The New Republic's Stanley Kauffmann: "What is strangely transfixing about the film is our agreement, from the beginning, that the struggle is hopeless. The Mafia is there to stay (with American branches). What is equally strange is that though we know in advance the general shape of the events - from numerous films and press reports - the story grips."
Updated through 7/14.
"[Director Marco] Turco and [author Alexander] Stille do not dwell on the Mafia as a historical or sociological phenomenon, emphasizing its dysfunctional relationship with the postwar Italian state rather than its older roots in Sicilian culture," writes AO Scott in the New York Times. "This may be part of their film's corrective intention: their Mafia is not the colorful, violent flowering of ancient Mediterranean peasant customs, but rather a thoroughly vicious organization bent on the subversion of democratic norms and the brutal elimination of anyone who dares to oppose its ambitions."
More from the AV Club's Noel Murray.
Online listening tip. Alexander Stille, author of the book on which this and another film have been based, was a guest on the Leonard Lopate Show on Friday. Related: At Salon, Farhad Manjoo reviews Stille's The Sack of Rome: How a Beautiful Country with a Fabled History and Storied Culture Was Taken Over by a Man Named Silvio Berlusconi.

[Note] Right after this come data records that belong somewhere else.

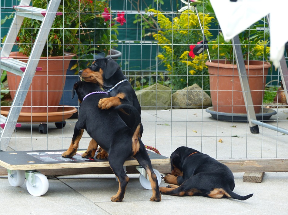 Um die Welpen an verschiedene Umweltgeräusche zu gewöhnen, ist es ratsam, sie frühzeitig sanft an Staubsauger und andere laute Geräte zu gewöhnen. Dies trägt zur Entwicklung einer stressresistenten Persönlichkeit bei. Auch der Kontakt zu Kindern ist bei uns Programm.
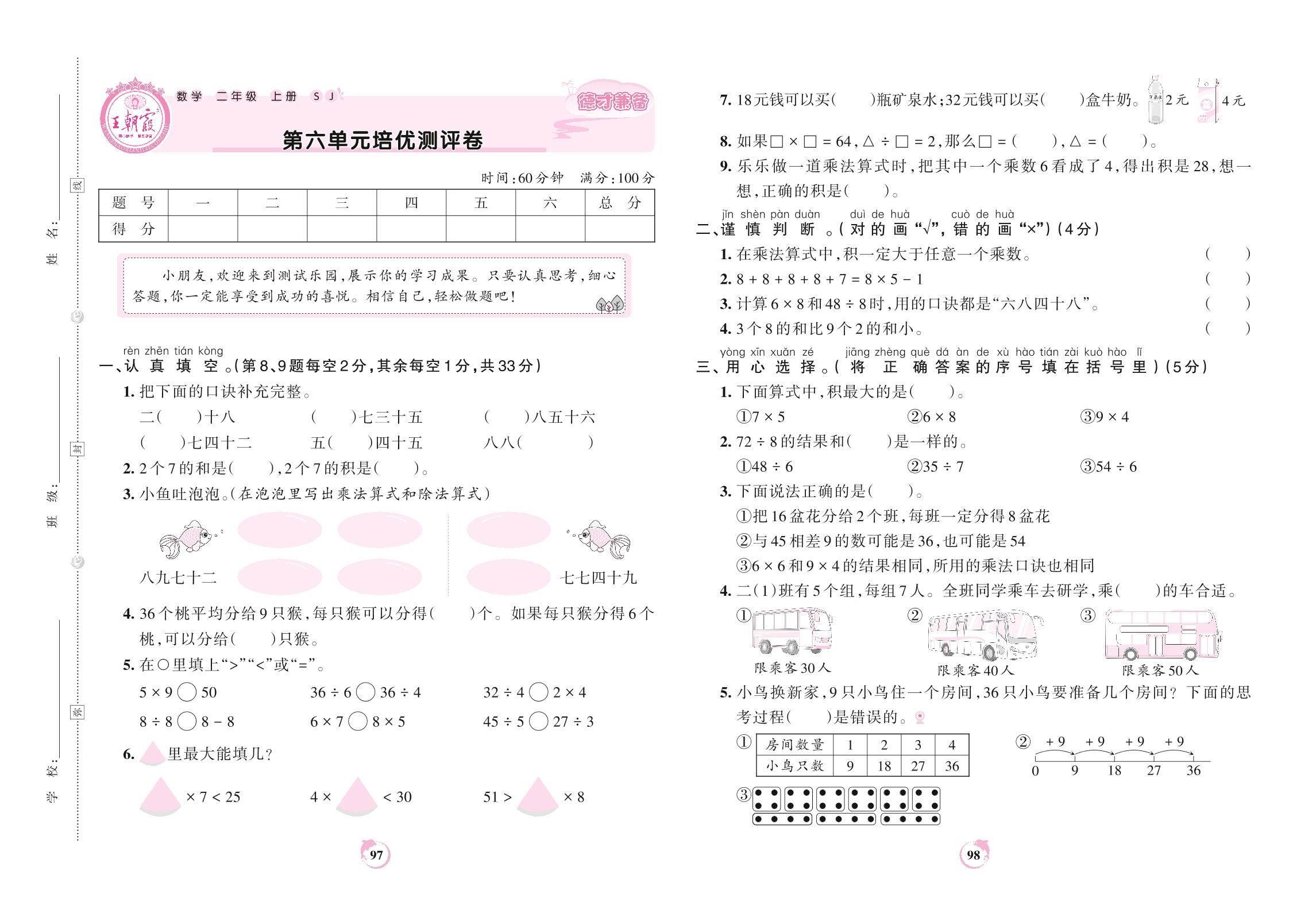 2021上册二年级数学苏教版 第六单元培优测评卷
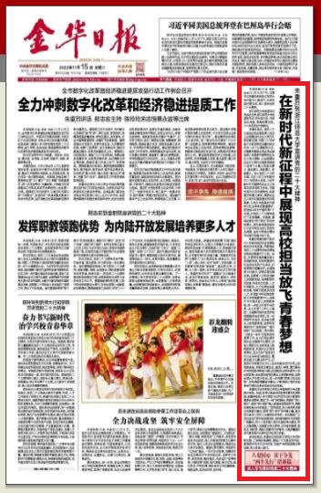 金华日报:在新时代新征程中展现高校担当放飞青春梦想 |
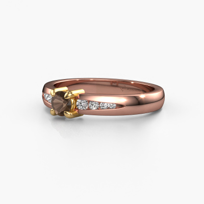 The ring shown above is called the Zohra. We call this type of ring a pavé solitaire ring because it has one centre gemstone and a band that is also pave set with gemstones. The 14 Carat rose gold engagement ring is set with a round 4 mm smokey quartz centre stone and the band is pave set with diamond gemstones. Each jewel is made just for you by our master goldsmiths in our own studio.This modern rose gold pavé solitaire engagement ring has an exquisite round smokey quartz centre stone. To further accentuate the centre stone, the band is fully set with more diamonds. Its open prong setting allows light to strike the smokey quartz from various angles and this adds sparkle to your smokey quartz ring. The photo shown above depicts the goldsmith's carefully handcrafted details of the ring. The high positioning of the centre stone is truly eye-catching. The perfect engagement ring for the crown jewel of your life! Because we design and deliver our own rings, we can offer you a engagement ring at a price you won't find anywhere else. A ring is made to order, which helps prevent excess supplies, so we can make you a great price offer. We understand it feels risky, buying your engagement ring online, but we will gladly assist in the designing process, taking your budget into consideration.Our team adds new designs to our online collection daily. Our designers and goldsmiths work together in creating the best design. We strive to offer a diverse collection of jewels. Perhaps you have a specific jewel design in mind. One you came across somewhere. Please contact us for a free consultation. We will make you an offer, based on a fair price/ quality ratio, that will baffle you.To make it easier for you, we offer a 30 day return policy. Check our terms and conditions.
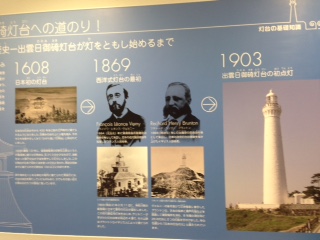 日御碕灯台のすぐそばにある展示室、資料館です。この灯台の建てられた経緯や、灯台建設の工法、灯台の光が意味するもの、光を如何にして遠くまで届けるのかなど、様々な展示があり、どれも勉強になります。小さな展示室ですが、見る価値ありと思います。
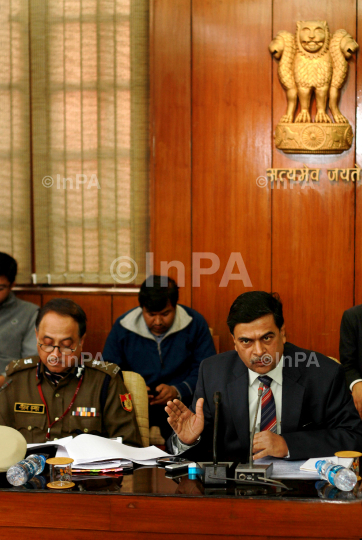 Home Secretary RK Singh with Delhi Police Commissioner Neeraj Kumar, addressing the media on the developments in the Delhi gang-rape case in New Delhi, India, Friday, Dec. 21, 2012. Photo Credit: Indian Photo Agency

Earlier: Reviews from Cannes of Nanni Moretti's Il Caimano; the opening in March; first impressions of Bye Bye Berlusconi!.
Update: Martha Fischer at Cinematical: "In a time and field in which ego is frequently a driving force, to see two men [magistrates Paolo Borsellino and Giovanni Falcone] so free of pretense doing such important work is surprisingly moving."
Update, 7/14: "I can't speak too highly of Marco Turco's Excellent Cadavers," writes Andrew O'Hehir in Salon. "[J]ust as Italian fascism reinvented itself under Silvio Berlusconi, so did the Mafia adapt to a new era. In the end, Stille suggests, the more things change in Italy, the more they stay the same."